In the original comic strip, the extraordinary occurs twice: First, an ordinary man finds himself in an exceptional situation and becomes a hero. Then, he encounters another ordinary man, a comic book writer, and turns him into a witness to the extraordinary by recounting his story, so that the writer can, in turn, tell it to us — a perfect mechanism of nested Chinese boxes. But the third movement is the collective one, and it’s the series’s most powerful element. The extraordinary event gradually gives rise to a series of exceptional individuals, men and women pulled from their everyday lives to do one thing and one thing only: save the world.

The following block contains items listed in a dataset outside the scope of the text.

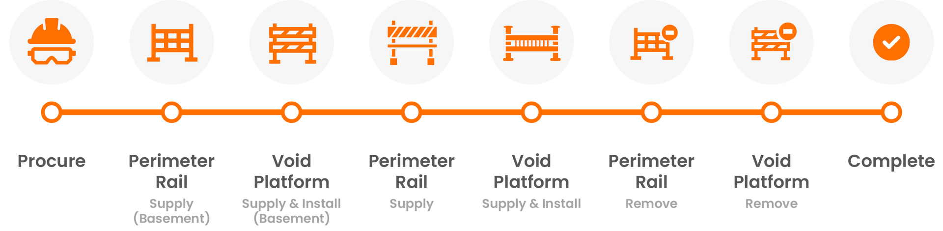 | Void Platform – Supply & Install | Set up a platform to cover voids (openings) on upper floors — usually stair or lift shafts — to prevent falls. |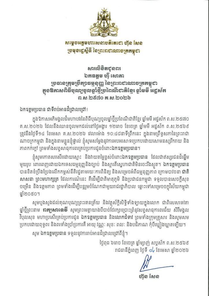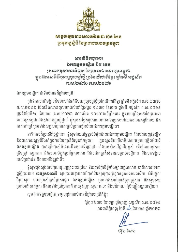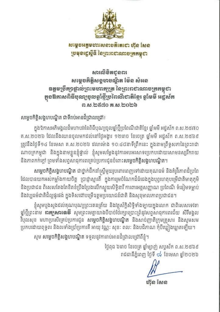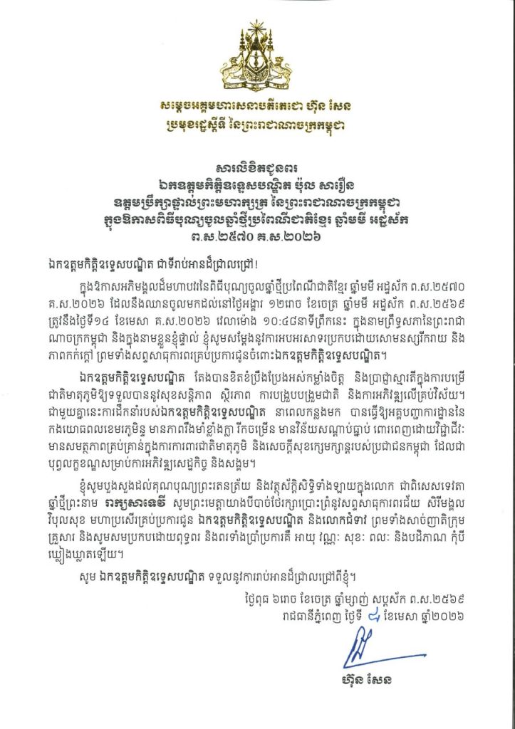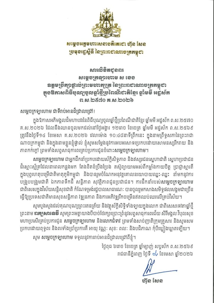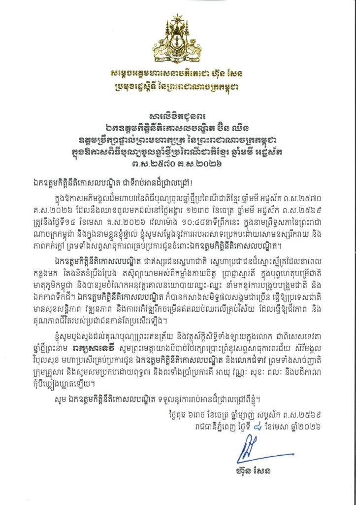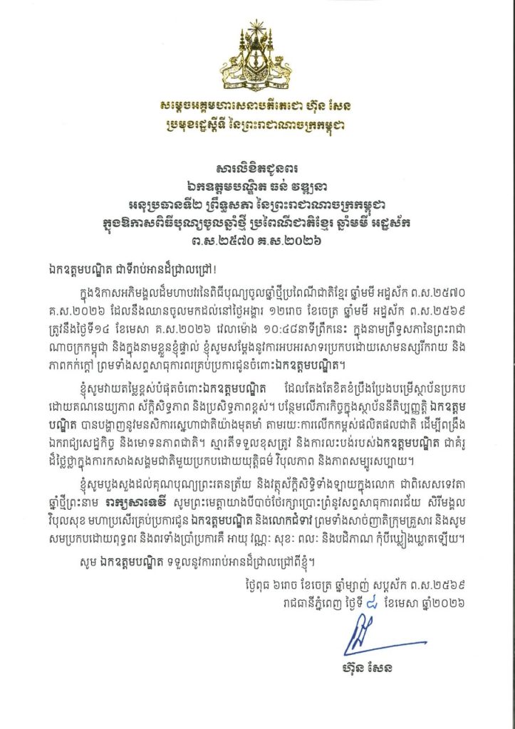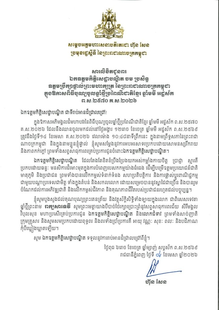 ១-សម្តេចកិត្តិព្រឹទ្ធបណ្ឌិត ប៊ុនរានី ហ៊ុនសែន ប្រធានកាកបាទក្រហមកម្ពុជា២-សម្តេចមហាបវរធិបតី ហ៊ុន ម៉ាណែត នាយករដ្ឋមន្ត្រី នៃព្រះរាជាណាចក្រកម្ពុជា៣-លោកជំទាវបណ្ឌិត ពេជ ចន្ទមុន្នី ហ៊ុនម៉ាណែត អគ្គស្នងការនៃសមាគមកាយឫទ្ធិនារីកម្ពុជា និងជាអនុប្រធានក្រុមប្រឹក្សាភិបាលសមាគមគ្រូពេទ្យស្ម័គ្រចិត្តយុវជនសម្តេចតេជោ៤-សម្តេចមហារដ្ឋសភាធិការធិបតី ឃួន សុដារី ប្រធានរដ្ឋសភា នៃព្រះរាជាណាចក្រកម្ពុជា៥-សម្តេចអគ្គមហាពញាចក្រី ហេង សំរិន ប្រធានកិត្តិយសនៃក្រុមឧត្តមប្រឹក្សាផ្ទាល់ព្រះមហាក្សត្រ នៃព្រះរាជាណាចក្រកម្ពុជា៦-សម្តេចវិបុលសេនាភក្តី សាយ ឈុំ ឧត្តមប្រឹក្សាផ្ទាល់ព្រះមហាក្សត្រ នៃព្រះរាជាណាចក្រកម្ពុជា៧-សម្តេចមហាមន្ត្រី គុយ សុផល ឧបនាយករដ្ឋមន្ត្រី រដ្ឋមន្ត្រីក្រសួងព្រះបរមរាជវាំង៨-សម្តេចក្រឡាហោម ស ខេង ឧត្តមប្រឹក្សាផ្ទាល់ព្រះមហាក្សត្រ នៃព្រះរាជាណាចក្រកម្ពុជា៩-សម្តេចពិជ័យសេនា ទៀ បាញ់ ឧត្តមប្រឹក្សាផ្ទាល់ព្រះមហាក្សត្រ នៃព្រះរាជាណាចក្រកម្ពុជា១០-សម្តេចកិត្តិសង្គហបណ្ឌិត ម៉ែន សំអន ឧត្តមប្រឹក្សាផ្ទាល់ព្រះមហាក្សត្រ នៃព្រះរាជាណាចក្រកម្ពុជា១១-សម្តេចឥស្សរវិទេសបញ្ញា ហោ ណាំហុង ឧត្តមប្រឹក្សាផ្ទាល់ព្រះមហាក្សត្រ នៃព្រះរាជាណាចក្រកម្ពុជា១២-សម្តេចសេដ្ឋវិទូតក្តី គាត ឈន់ ប្រធានកិត្តិយសឧត្តមក្រុមប្រឹក្សាសេដ្ឋកិច្ចជាតិ១៣-សម្តេចរាជបុត្រីព្រះអនុជ នរោត្តម អរុណរស្មី ឧត្តមប្រឹក្សាផ្ទាល់ព្រះមហាក្សត្រ និងជាសមាជិកាព្រឹទ្ធសភា១៤-សម្តេចក្រុមព្រះ នរោត្តម ច័ក្រពង្ស់ ឧត្តមប្រឹក្សាផ្ទាល់ព្រះមហាក្សត្រ នៃព្រះរាជាណាចក្រកម្ពុជា១៥-ឯកឧត្តមកិត្តិនីតិកោសលបណ្ឌិត ស៊ឹម កា ឧត្តមប្រឹក្សាផ្ទាល់ព្រះមហាក្សត្រ នៃព្រះរាជាណាចក្រកម្ពុជា១៦-ឯកឧត្តមកិត្តិនីតិកោសលបណ្ឌិត ប៊ិន ឈិន ឧត្តមប្រឹក្សាផ្ទាល់ព្រះមហាក្សត្រ នៃព្រះរាជាណាចក្រកម្ពុជា១៧-ឯកឧត្តមកិត្តិសង្គហបណ្ឌិត ទេព ងន ឧត្តមប្រឹក្សាផ្ទាល់ព្រះមហាក្សត្រ នៃព្រះរាជាណាចក្រកម្ពុជា១៨-ឯកឧត្តមកិត្តិនីតិកោសលបណ្ឌិត អ៊ឹម ឈុនលឹម ឧត្តមប្រឹក្សាផ្ទាល់ព្រះមហាក្សត្រ នៃព្រះរាជាណាចក្រកម្ពុជា១៩-ឯកឧត្តមកិត្តិសេដ្ឋាបណ្ឌិត ចម ប្រសិទ្ធ ឧត្តមប្រឹក្សាផ្ទាល់ព្រះមហាក្សត្រ នៃព្រះរាជាណាចក្រកម្ពុជា២០-ឯកឧត្តមកិត្តិនីតិកោសលបណ្ឌិត ឌិត មុន្ទី ឧត្តមប្រឹក្សាផ្ទាល់ព្រះមហាក្សត្រ នៃព្រះរាជាណាចក្រកម្ពុជា២១-ឯកឧត្តមកិត្តិឧទ្ទេសបណ្ឌិត ប៉ុល សារឿន ឧត្តមប្រឹក្សាផ្ទាល់ព្រះមហាក្សត្រ នៃព្រះរាជាណាចក្រកម្ពុជា២២-ឯកឧត្តម កែ គឹមយ៉ាន ឧត្តមប្រឹក្សាផ្ទាល់ព្រះមហាក្សត្រ នៃព្រះរាជាណាចក្រកម្ពុជា២៣-ឯកឧត្តម ជា សុផារ៉ា ឧត្តមប្រឹក្សាផ្ទាល់ព្រះមហាក្សត្រ នៃព្រះរា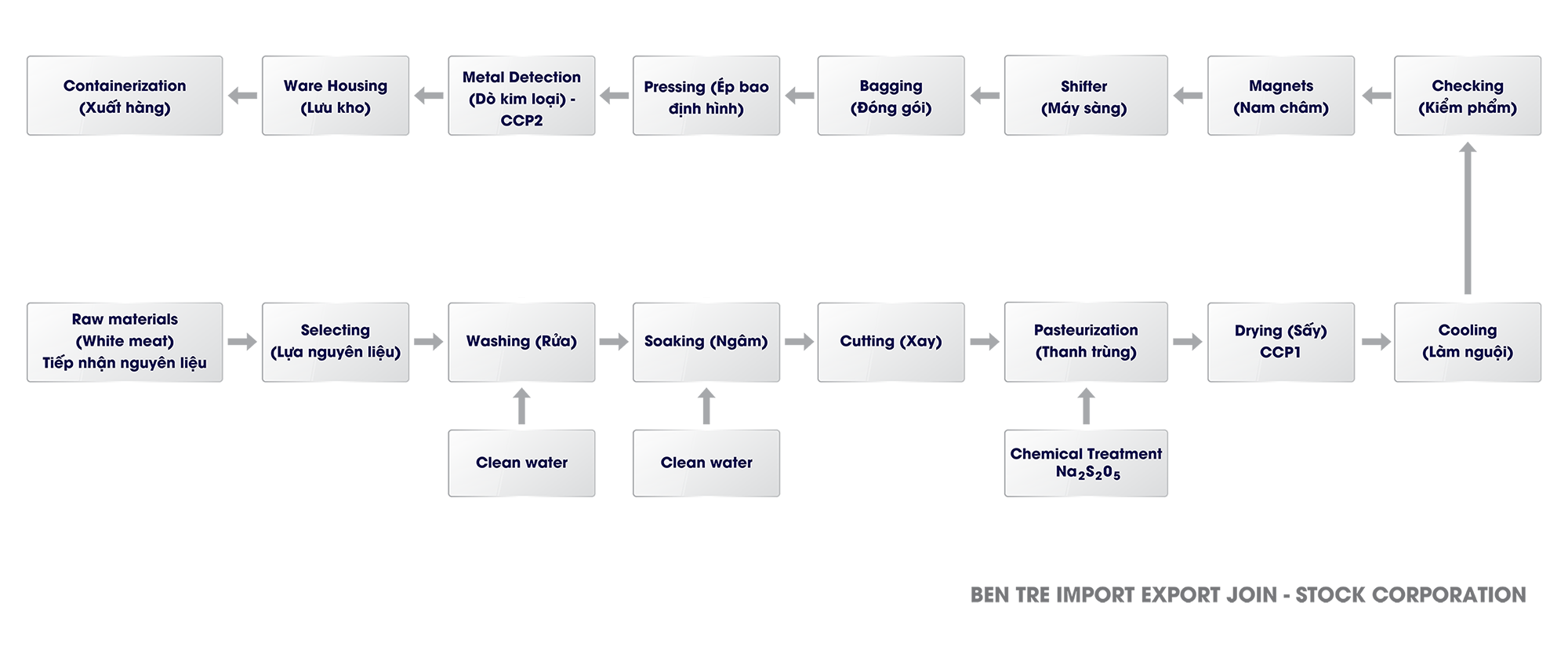 There are 2 production drylines to make desiccated coconut: Capacity of line 1: 600 – 650 kg/hour Capacity of line 2: 750 – 900 kg/hour The production process in the factory is strictly controlled and follows the hygiene and food safety standard

Oesterheld’s biography, which portrays him as a political activist who gradually aligned with the Peronist left, led to his appropriation by the government of Néstor Kirchner, who ruled from 2003 to 2015 — and even to the use of the former president’s image in that controversial transformation:

The face inside the mask was no longer that of Salvo or of the actor Ricardo Darín, but that of Kirchner, transformed into the Nestornaut, without anyone ever offering a convincing reason for the association. In short, it rests on the assumption that Oesterheld and Kirchner were politically aligned. Yet this claim is highly questionable; it is doubtful that Kirchnerism can be regarded as a modern incarnation of the Peronist left. That association resurfaced with the success of the series, standing in stark contrast to the far-right government of Javier Milei, which openly rejects any notion of collective heroism, favoring radical individualism and selfishness. Of course, the idea of “The Eternaut” as a political metaphor can be stretched too far, for the series resists linear and, frankly, reductive interpretations.
Far more compelling as iconography is the tribute poster published by Sasturain in 1984 in the magazine Feriado Nacional, which offered a concrete demand for justice in the face of the kidnapping and disappearance of an artist.

A copy of that poster hung on the wall of my house until it was abducted by an alien invasion. Or by a divorce — I can’t remember which came first.